Surely the people’s joy 
   is withered away.  
       (Habbakuk 38)
Explicit condemnation of exploitation of the land echoes through the prophetic warnings:
“As for you, my flock, this is what the Sovereign Lord says: I will judge between one sheep and another, and between rams and goats.  Is it not enough for you to feed on the good pasture? Must you also trample the rest of your pasture with your feet? Is it not enough for you to drink clear water? Must you also muddy the rest with your feet?” (Ezekiel 34)
The Great Promise to the Creation, collage
Jae-Im Kim, Korea, 2007,
Yet amid the prophetic warnings are promises of shalom: God’s peace, but more than peace. Nicholas Wolterstorff, in Educating for Shalom, wrote:
“…Shalom is the human being dwelling at peace in all his or her relationships: with God, with self, with fellows, with nature. . . But the peace which is shalom is not merely the absence of hostility, not merely being in the right relationship. Shalom at its highest is enjoyment in one’s relationships. A nation may be at peace with all its neighbors and yet be miserable in its poverty. To dwell in shalom is to enjoy living before God, to enjoy living in one’s physical surroundings, to enjoy living with one’s fellows, to enjoy life with oneself. . .”
The coming shalom described by the prophets invariably includes a healed creation: mountains and hills shout for joy, trees dance and sing, streams gush into barren places, abundant harvests bless humans and hungry creatures alike:
The desert and the parched land will be glad;
   the wilderness will rejoice and blossom.
Like the crocus, it will burst into bloom;
   it will rejoice greatly and shout for joy. (Isaiah 35)
You will go out in joy
   and be led forth in peace;
the mountains and hills
   will burst into song before you,
and all the trees of the field
   will clap their hands.
Instead of the thornbush will grow the juniper,
   and instead of briers the myrtle will grow. (Isaiah 55)
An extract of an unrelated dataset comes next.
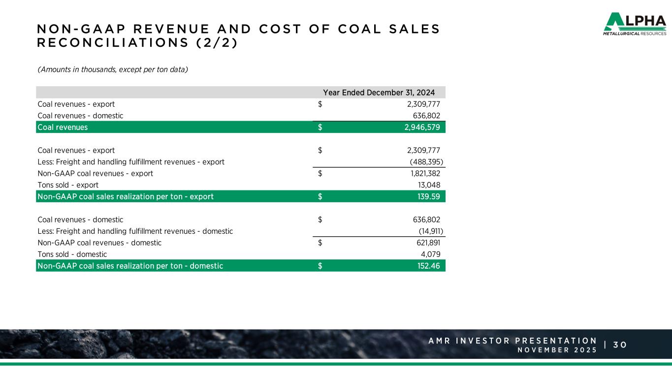 2 9A M R R a t i n g s A g e n c y P r e s e n t a t i o n J a n u a r y 2 0 2 5 |A M R I N V E S T O R P R E S E N T A T I O N N O V E M B E R N O N - G AA P R E V E N U E A N D CO S T O F COA L S A L E S R E CO N C I L I AT I O N S ( 1 /2 ) 1 2021 period was recast to reclassify discontinued operations and present the related amounts within continuing operations as part of the All Other category. (Amounts in thousands, except per ton data) 2019 2020 2021 1 2022 2023 2024 Coal revenues 1,995,934$ 1,413,124$ 2,252,624$ 4,092,987$ 3,456,630$ 2,946,579$ Less: Freight and handling fulfillment revenues (276,182) (219,449) (380,977) (529,063) (439,010) (503,306) Non-GAAP coal revenues 1,719,752$ 1,193,675$ 1,871,647$ 3,563,924$ 3,017,620$ 2,443,273$ Tons sold 17,152 15,513 16,839 16,378 17,072 17,127 Non-GAAP coal sales realization per ton 100.27$ 76.95$ 111.15$ 217.60$ 176.76$ 142.66$ Cost of coal sales 1,667,768$ 1,281,011$ 1,677,782$ 2,285,969$ 2,356,138$ 2,451,601$ Less: Freight and handling costs (276,182) (219,449) (380,977) (529,063) (439,010) (503,306) Less: Idled and closed mine costs (14,565) (28,880) (26,578) (28,557) (26,998) (29,868) Less: Cost impact of coal inventory fair value adjustment (8,209) - - - - - Non-GAAP cost of coal sales 1,368,812$ 1,032,682$ 1,270,227$ 1,728,349$ 1,890,130$ 1,918,427$ Tons sold 17,152 15,513 16,839 16,378 17,072 17,127 Non-GAAP cost of coal sales per ton 79.80$ 66.57$ 75.43$ 105.53$ 110.72$ 112.01$ Non-GAAP coal margin 350,940$ 160,993$ 601,420$ 1,835,575$ 1,127,490$ 524,846$ Non-GAAP coal margin per ton 20.46$ 10.38$ 35.72$ 112.08$ 66.04$ 30.64$ Year Ended December 31,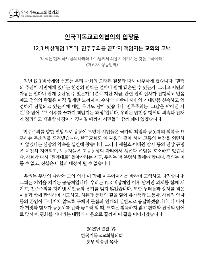 한국기독교교회협의회(NCCK)가 12.3 비상계엄 1주기를 맞아 입장문을 발표하고, '민주주의를 끝까지 책임지는 교회'의 역할을 다짐했다.

The Tree of Life, Helen Siegl 
If the resurrection was the sign of the great reversal, it was also the sign of the coming shalom. When the resurrected Jesus greeted his friends, his first words were “peace be with you.”  In his letter to the Colossians, Paul insists that all creation is woven together by the creative, sustaining power of Jesus himself, and that the resurrection is the start of reconciliation and God’s shalom for “all things - on earth - or in heaven,” not just for humans, but for all creation:
The Son is the image of the invisible God, the firstborn over all creation. For in him all things were created: things in heaven and on earth, visible and invisible, whether thrones or powers or rulers or authorities; all things have been created through him and for him. He is before all things, and in him all things hold together. . . For God was pleased to have all his fullness dwell in him, and through him to reconcile to himself all things, whether things on earth or things in heaven, by making peace through his blood, shed on the cross. (Colossians 1)
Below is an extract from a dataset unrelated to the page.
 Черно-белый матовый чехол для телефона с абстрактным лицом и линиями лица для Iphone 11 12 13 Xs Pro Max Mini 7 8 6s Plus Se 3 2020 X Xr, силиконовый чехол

Can Christians be green? Tim Keller, of Redeemer Church in New York, gave a terrific sermon on this topic not long ago. His conclusion is the same as church fathers through the centuries: Christians are called to live as passionate promoters and protectors of creation.

Keller offers examples:
Stuart L Pimm, winner of the Hieneken Prize for Environmental Science:
“I’m a believing Christian. “God so loved the cosmos that he gave his only son.” That’s an injunction from St. John. To me, this says that Christians have an obligation to look after the world — stewardship. We cannot pointlessly drive species to extinction and destroy forests and oceans. When we do that, we are destroying God’s creation.”
Joel Salatin of innovative, “beyond organic” Polyface Farm in Virginia: “We want a farm that builds soil, builds immune systems, builds nutrient density. Ultimately, as a farmer, I am in the land redemption business . . . (We need to) step in as loving land stewards, caretakers, as an expression of God’s grace, abundance and redemptive capacity.”   
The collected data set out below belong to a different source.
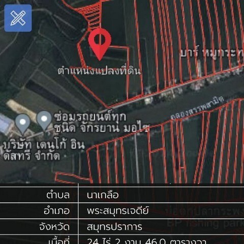 ขายที่ดินเปล่า พระสมุทรเจดีย์ สมุทรปราการ ขนาด 24 ไร่ 2 งาน 46 ตร.วา ที่สวยติดคลอง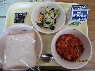 今日の給食は、細田小学校で学年に分かれ食べました。献立は「食パン、牛乳、牛肉のトマト煮、海藻サラダ、ソフトチョコ」でした。とてもおいしかったです。細田調理場のみなさんありがとうございました。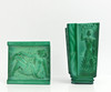 Vase, Höhe 12 cm Flasche, Höhe 8,5 cm Schale, ca. 7,5 x 4,5 cm, Höhe 2 cm Teller, ca. 9 x 9 cm.
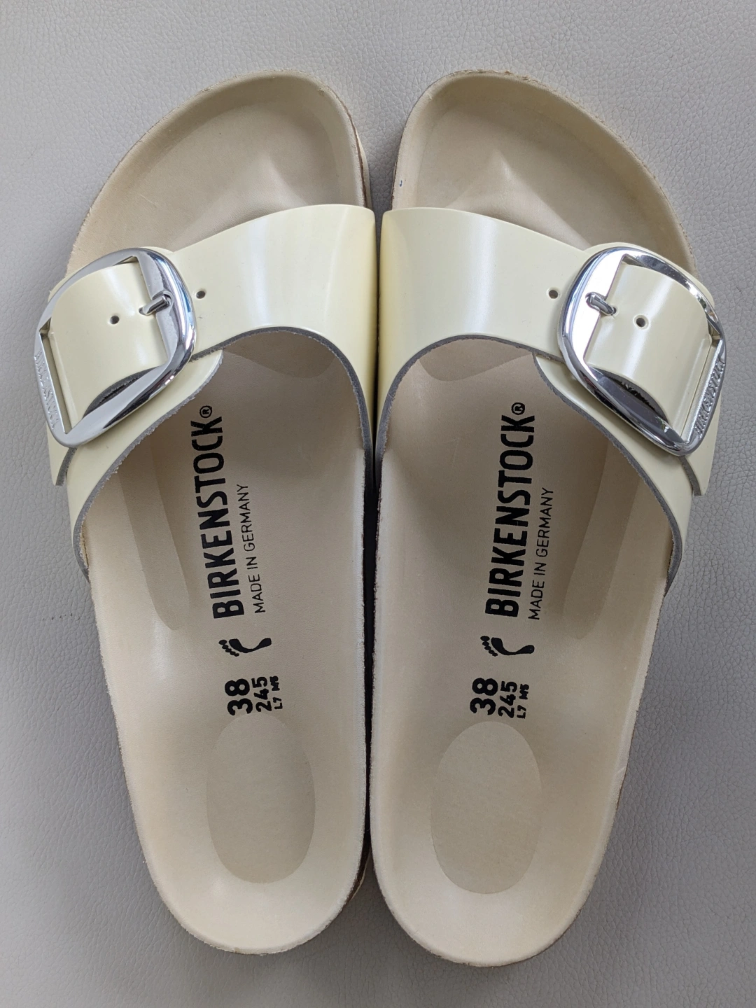 - Contoured cork-latex footbed creates custom support with wear - Natural leather upper with high-shine finish - Footbed lined in smooth leather for a luxe touch - Flexible EVA sole - Adjustable strap with oversized metal pin buckle - Made in Germany Colour: High Shine Butter

St. Francis Preaches to the Birds,
Sadao Watanabe, Japan, 1985
I’m not a farmer, or environmental scientist. But my knowledge of Christ’s shalom calls me to extend that experience of welcome and safe haven. On our own suburban half-acre, I’ve been working to build a place of sanctuary for bugs, butterflies, and birds. Native plantings, non-chemical lawn care, and lots of bird feeders and water supplies have helped create an oasis of bird song. Nesting in our yard this year are bluebirds, downy and red-bellied woodpeckers, tufted titmice, chickadees, white throated and song sparrows, blue jays, cardinals, and two very dignified crows.

I know, though, that the world is bigger than my yard. Over the years I’ve helped plant trees on a city street, organized landscape days for a local elementary school, planted wildflowers around the edge of a townhouse complex. I’m currently trying to help organize a group of stewards for a neglected wetland near our home.

But resurrection ripples outward, from local community, to nation, to world. We’ve given to organizations like Heifer Project, World Vision, and Mennonite Central Committee for tree-planting, bee hives, and sustainable flocks of ducks and chickens. And we support Arocha, an international group of  “Christians in Conservation” begun in Portugal in 1983. Our son spent a summer interning with Arocha Vancouver, living in a tree house with an owl as his nearest neighbor. Now in DC, he's helping launch an Arocha chapter "to conserve Christian conservationists."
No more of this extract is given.